The field was revolutionized in 2011 when Hyperacusis Research was founded by Bryan Pollard, who unfortunately passed away in 2022. Hyperacusis Research continues his legacy, and to date has awarded nearly $400,000 in research grants.

Moderated by Steven Barad, M.D., the incoming president of Hyperacusis Research, scientists shared major advances in identifying the biological mechanisms behind sound-induced pain, from the discovery of specialized auditory neurons that transmit pain signals to the development of promising new drugs targeting hyperactive brain circuits.

Several Types of Ear Pain

James Henry, Ph.D., a retired research audiologist, provides an overview of the potential mechanisms causing hyperacusis, including central auditory gain, middle ear muscle dysfunction, and specific nerve pathways. He also clarifies distinctions between different types of sound sensitivity disorders, which can be confusing. For instance “otalgia,” a word often used in the field, describes ear pain that is unrelated to sound—unlike hyperacusis, where ear pain is a result of exposure to sound. 

He explains how to differentiate hyperacusis from other conditions with which it is often confused, highlighting each condition’s key characteristics. 

• Otalgia: Ear pain unrelated to sound exposure.

• Loudness hyperacusis: Uncomfortable to unbearable physical sensations (exclusive of piercing or stabbing pain) when exposed to sounds that are comfortable for most people.

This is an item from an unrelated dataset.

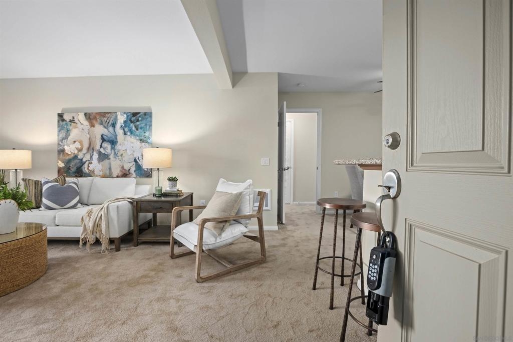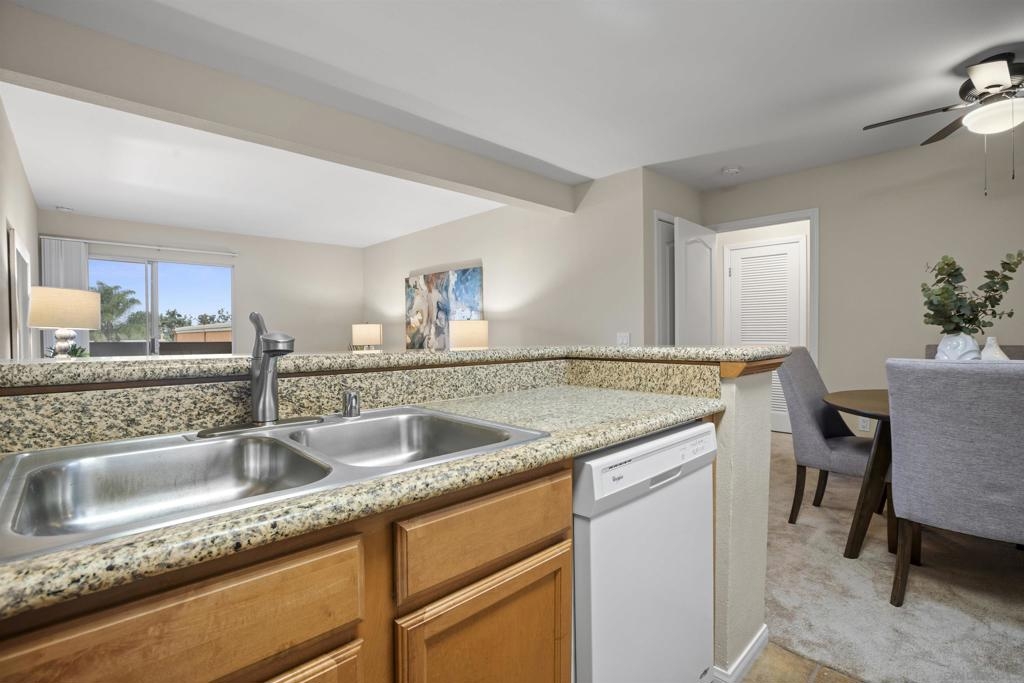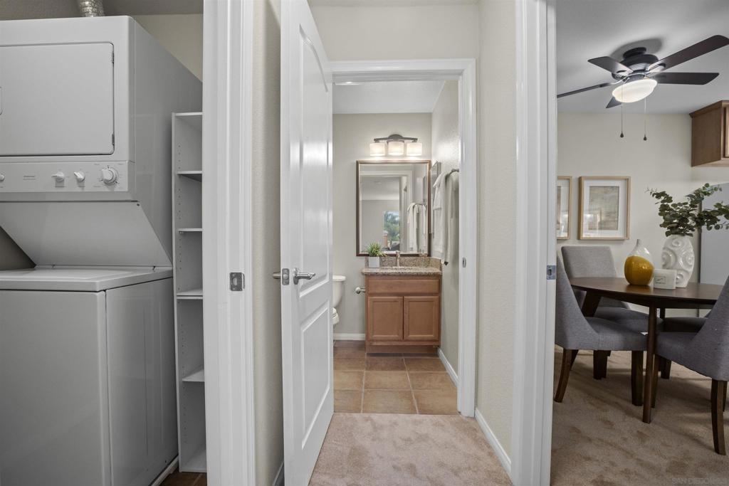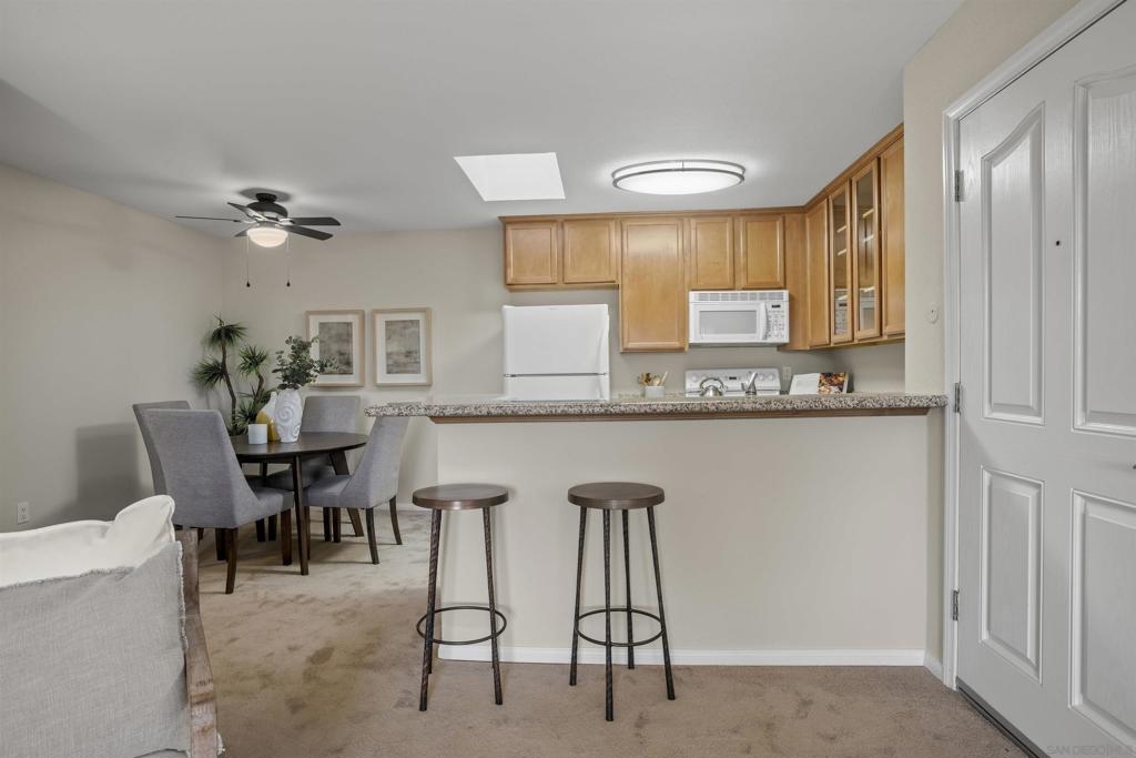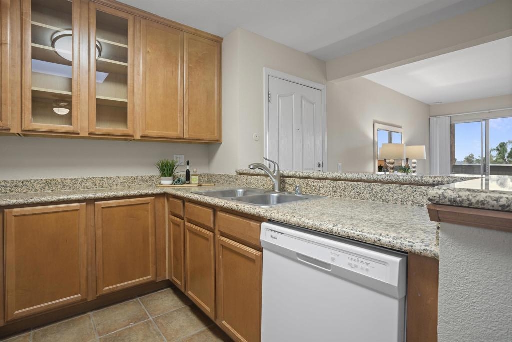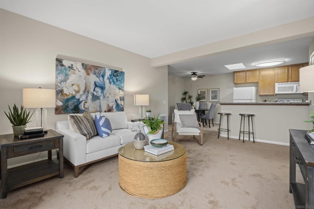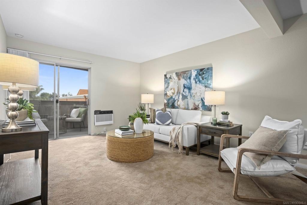 Light, bright & airy! This terrific top floor condo is located in the heart of Del Cerro in the quiet interior of the Mission Trails complex & is one of the rare condos in this area that has in unit laundry & abundant guest parking. Among the many upgrades are new carpet, fresh paint, a newer wall AC unit & updated light fixtures. The kitchen features gorgeous cinnamon cabinets w/ granite countertops. Enjoy the cool breezes & wonderful views from the balcony. Please read the supplement for details on the resort like complex. Mission Trails Villas is located in the heart of Del Cerro; close to SDSU, Snapdragon Stadium and Mission Trails hiking area. The complex features a tennis court, recreation room, weight room, cardio room, swimming pool with a hot tub and abundant guest parking. Resort like living at it's best!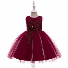 Vestido de Niña de las Flores de Comercio Exterior de AliExpress con Apliques de Cuentas Vestido de Princesa de Encaje Forjado para Niñas Lazo Vestido para Niños

• Pain hyperacusis: Burning, stabbing, or jabbing pain in the ears or head when exposed to sounds that are comfortable for most people.

• Misophonia: A negative and distressing emotional reaction to specific sounds, sometimes soft mouth-related sounds like chewing or sniffling. This is not ear pain.

• Noise sensitivity: A general emotional reactivity where sound, in general, is bothersome.

• Phonophobia: An excessive fear that sound will be uncomfortable or painful.

Henry says loudness hyperacusis could be due to increased central auditory gain or to dysfunction in the middle ear muscles. Pain hyperacusis could be caused by dysfunction of the type II auditory neurons, which connect to outer hair cells in the cochlea. Another possible source is inflammation of the trigeminal nerve, which innervates the face, head and ear. (Henry has previously written about the five distinct sound sensitivity disorders.)

Modeling Auditory Pain

Megan Beers Wood, Ph.D., of Vanderbilt University, details her work on modeling auditory pain in animals. She presents evidence that unmyelinated type II afferent neurons—which share characteristics with pain-sensing nerve fibers after tissue damage—may be a key component of pain hyperacusis.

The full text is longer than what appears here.